▶ WORK REQUEST
Print only what runs from the line that includes "Une fuite de" to the end of the listing, word for word, and do not include any pictures.

▶ SOURCE DATA
★ ★ ★

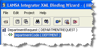 4. XML タグ DepartmentCode を LANSA フィールド DEPTMENT に以下のようにマッピングします。
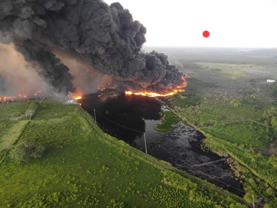 Une fuite de pipeline , de pétrole a provoqué un incendie dans une conduite située dans l’ejido de Rovirosa de Villa, La Venta
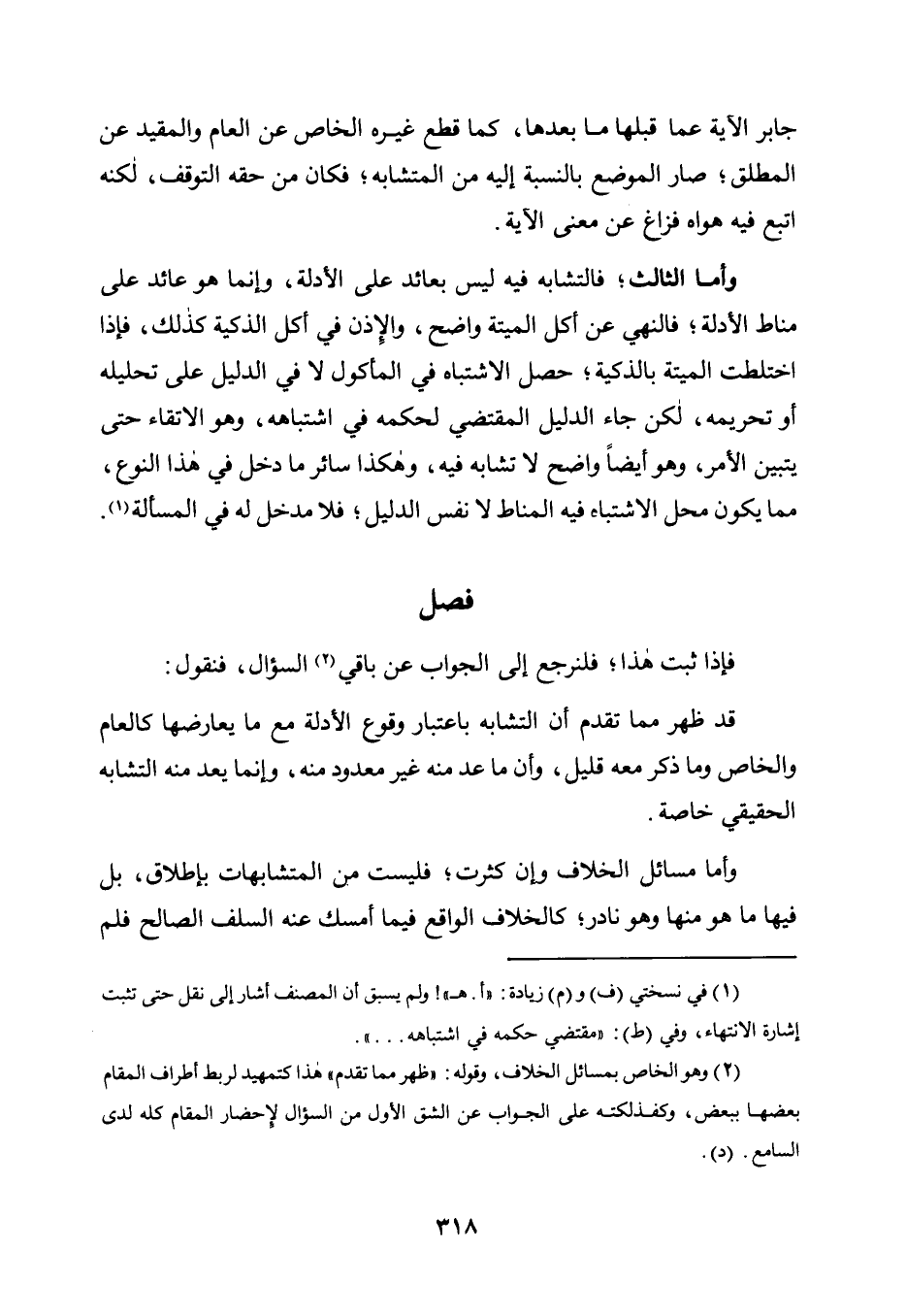وَأَمَّا مَسَائِلُ الْخِلَافِ وَإِنْ كَثُرَتْ؛ فَلَيْسَتْ مِنَ الْمُتَشَابِهَاتِ بِإِطْلَاقٍ، بَلْ فِيهَا مَا هُوَ مِنْهَا وَهُوَ نَادِرٌ؛ كَالْخِلَافِ الْوَاقِعِ فِيمَا أَمْسَكَ عنه السلف الصالح فلم
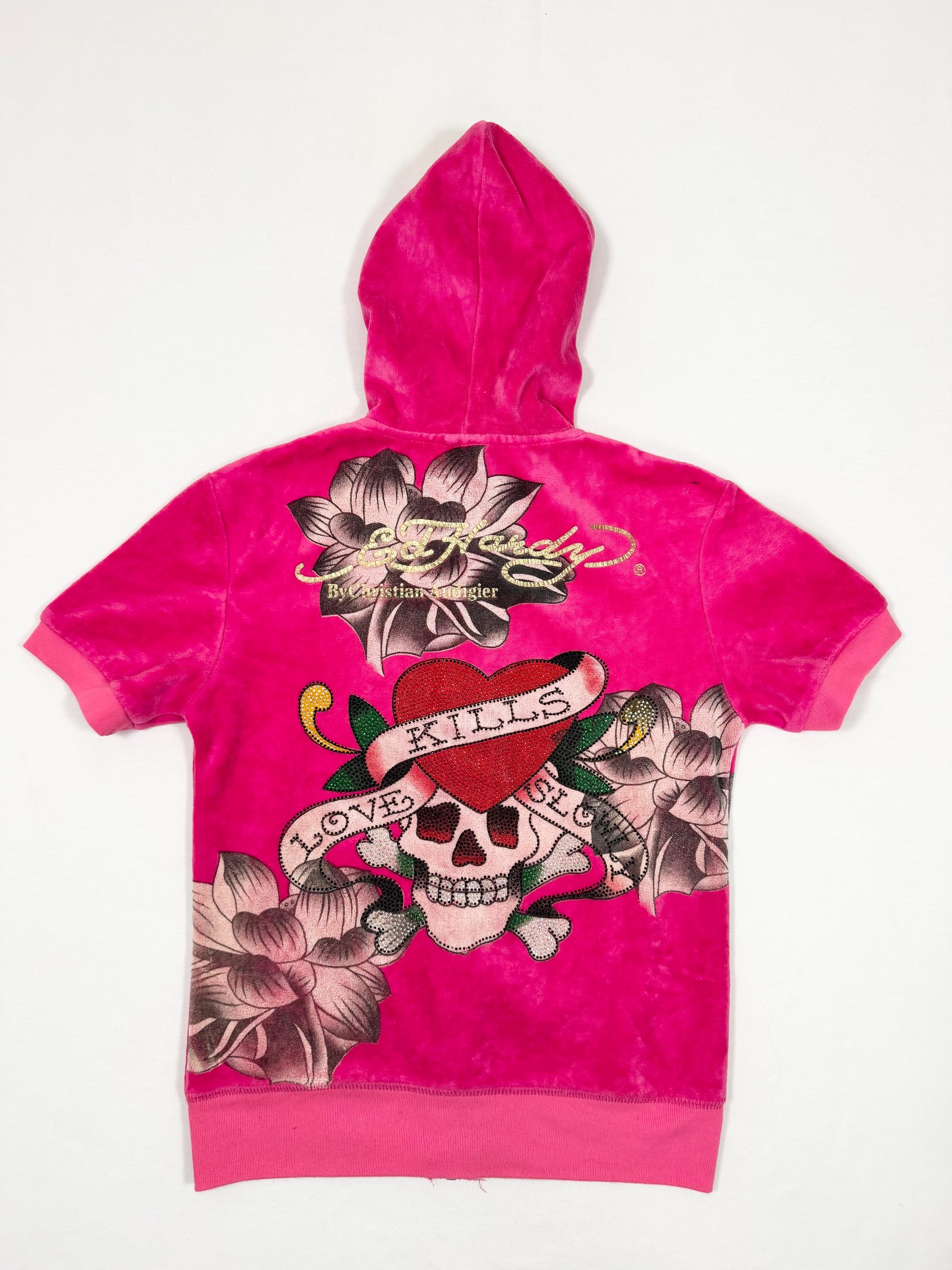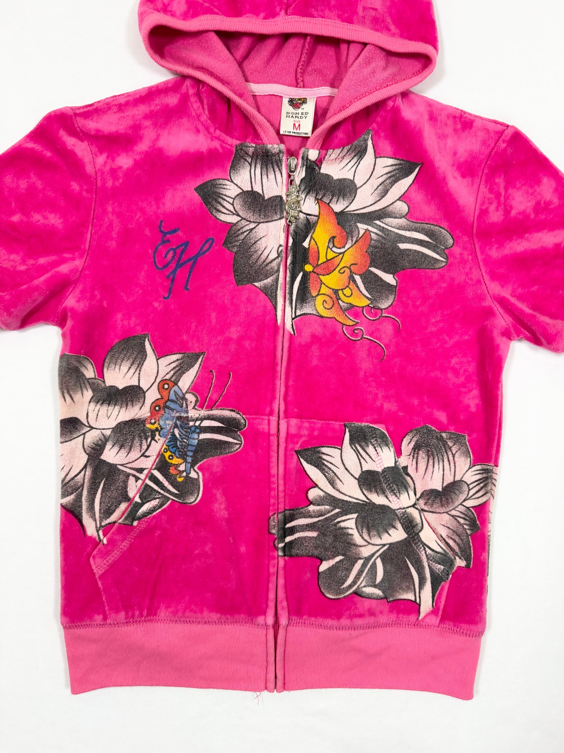 Adorable and rare 00s Ed hardy pink velour short tracksuit set💗Butterfly, Diamante love kills slowly and lotus print designs💗Spell out logo across the back of shorts💗

★ ★ ★

▶ OUTPUT BELOW
 Une fuite de pipeline , de pétrole a provoqué un incendie dans une conduite située dans l’ejido de Rovirosa de Villa, La Venta
وَأَمَّا مَسَائِلُ الْخِلَافِ وَإِنْ كَثُرَتْ؛ فَلَيْسَتْ مِنَ الْمُتَشَابِهَاتِ بِإِطْلَاقٍ، بَلْ فِيهَا مَا هُوَ مِنْهَا وَهُوَ نَادِرٌ؛ كَالْخِلَافِ الْوَاقِعِ فِيمَا أَمْسَكَ عنه السلف الصالح فلم
 Adorable and rare 00s Ed hardy pink velour short tracksuit set💗Butterfly, Diamante love kills slowly and lotus print designs💗Spell out logo across the back of shorts💗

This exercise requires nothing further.